For the first time in more than three decades India’s gender ratio appears to have tilted in favour of women.
According to the fifth National Family and Health Survey (NFHS), which studied some 650,000 Indian households between 2019 and 2021, the country now has 1,020 women for every 1,000 men.
The results represent a shift: India’s last census in 2011 found there were 940 women for every 1,000 men.
Officials at the federal ministry of health and family welfare claimed that successfully curbing sex determination tests and female foeticide had succeeded in restoring India’s demographic balance.
“Looking at the outcome we can say that our measures for women empowerment have steered us in the right direction,” said Vikas Sheel from the family welfare ministry, which released the NHFS report last month.
Demographers said the survey indicated that India was no longer a country of "missing women", a term used in 1990 by the Indian-born Nobel prize-winning economist Amartya Sen. He wrote that 37 million Indian females had been killed before or immediately after birth due to centuries of societal and cultural biases against female offspring.
A United Nations report in 2014 said that India’s dwindling female population had reached “emergency proportions” and was the primary cause for the rise in the number of rapes and other sexual crimes against women in the country.
But despite the good news regarding the restoration of Indian female numbers, the survey revealed that the gender ratio at birth was still at 929 girls for every 1,000 boys, indicating that public preference for sons still prevails. And there are vast other challenges.
Bread-winners
Traditionally girls in India have been considered an economic liability as, unlike boys, they are not deemed bread-winners for their families, especially in rural areas,where the bulk of India’s largely indigent population of more than 1.3 billion live.
Moreover dowries – which were legally outlawed in 1961, but the law was never seriously enforced – have to be disbursed by even the poorest families of females at weddings in keeping with established practice. These families also face pressure to organise lavish marriage ceremonies, often by taking large loans that take a lifetime to pay back.
Refusal to pay dowries has led to bride harassment, including beatings and starvation until the money and goods are produced. In some terrible instances brides have been forced by their husbands and in-laws into flammable nylon saris, doused with paraffin and set alight.
Although stringent laws were enacted in 1986 to thwart such horrific acts they remain common. The National Crime Record Bureau in Delhi recorded 6,966 dowry-related female deaths across India in 2020, averaging 19 each day.

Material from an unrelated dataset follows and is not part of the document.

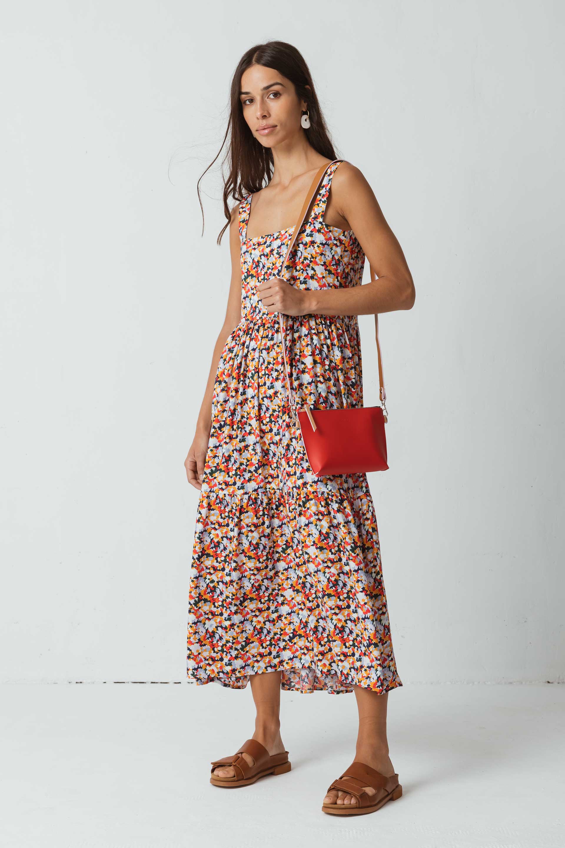 Flared, midi dress. Square neck, fine braces and side pockets. Side zipper fastening. Fluid crepe fabric. Floral print. Light green. LENZING™ ECOVERO™ is the responsible viscose. Not only do we save 50% on emissions and water, but it’s also made of sustainable wood and pulp. In two words: responsible production.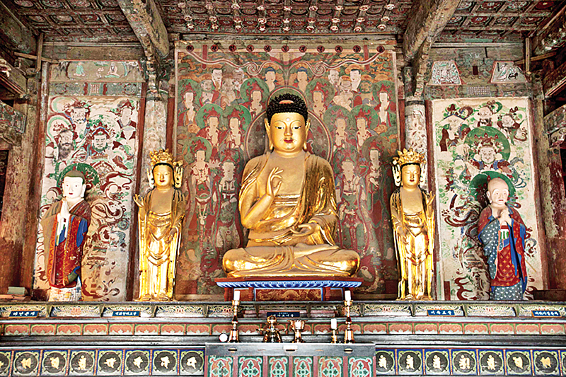 <대지도론>에서 “기사굴산은 과거, 현재, 미래의 부처님이 머무르는 곳”이라 했다. 기사굴산처럼 불국사 대웅전에도 과거·현재·미래의 삼존불이 계신다. 본존 석가모니불은 특이하게 항마촉지인이 아닌 설법인을 하셨다. 그 까닭은 불국사가 <법화경>의 ‘상주설법처’임을 나타내기 위함이다. 삼존불은 조선 영조 45년(1769)에 조성하여 모셨는데 바라보아 좌측에는 제화갈라보살을, 중앙에는 석가모니불을, 우측에는 미륵보살을 배치해 불국사는 삼세의 부처님이 머무는 영원불멸한 공간임을 표현했다. 그 옆에는 젊은 아난과 늙은 가섭존자가 있어 영산회상을 느끼게 한다.

Female activist lawyer Malvika Rajkotia said these statistics were conservative as many dowry deaths, including bride-burning cases, either go unreported in rural areas and small townships or are registered as suicides or accidental deaths by corrupt officials.
A shortage of females has spawned a "bride crisis" in the northern states of Punjab and Haryana, where thousands of young men of marriageable ages have failed to find wives. This has led to some families "buying" brides from poorer states such as Bihar and Bengal in the east in the hope that, in turn, they will produce male offspring.
Foetus scans
In addition, female rights activists say many families who want only boys repeatedly abort female foetuses after having sex determination tests. Although such tests were banned in 1994, they still persist.
Dr Ish Pal Ghai, a former government doctor in northern Punjab state, said many families in the region solicited laboratories to employ ultra-sound machines to conduct these foetus scans for large sums of money.
The picture for Indian males is very different: in a predominantly patriarchal society they are viewed as assets, looked upon as providers and carriers of family names. In the country’s predominantly Hindu community only sons can perform the last rites at their parents’ cremations to ensure rebirth; daughters are barred from doing so.
The NFHS report also disclosed that India, the world's second most populous country after China, was no longer facing a population explosion as its reproductivity rate had dropped considerably below "replacement fertility levels".
But India’s population is not expected to fall for another 30 to40 years as more than 30 per cent of its citizens are between the ages of 10 and 30 years and in time they will have children of their own. Two years ago the UN projected that India would overtake China’s population by 2027.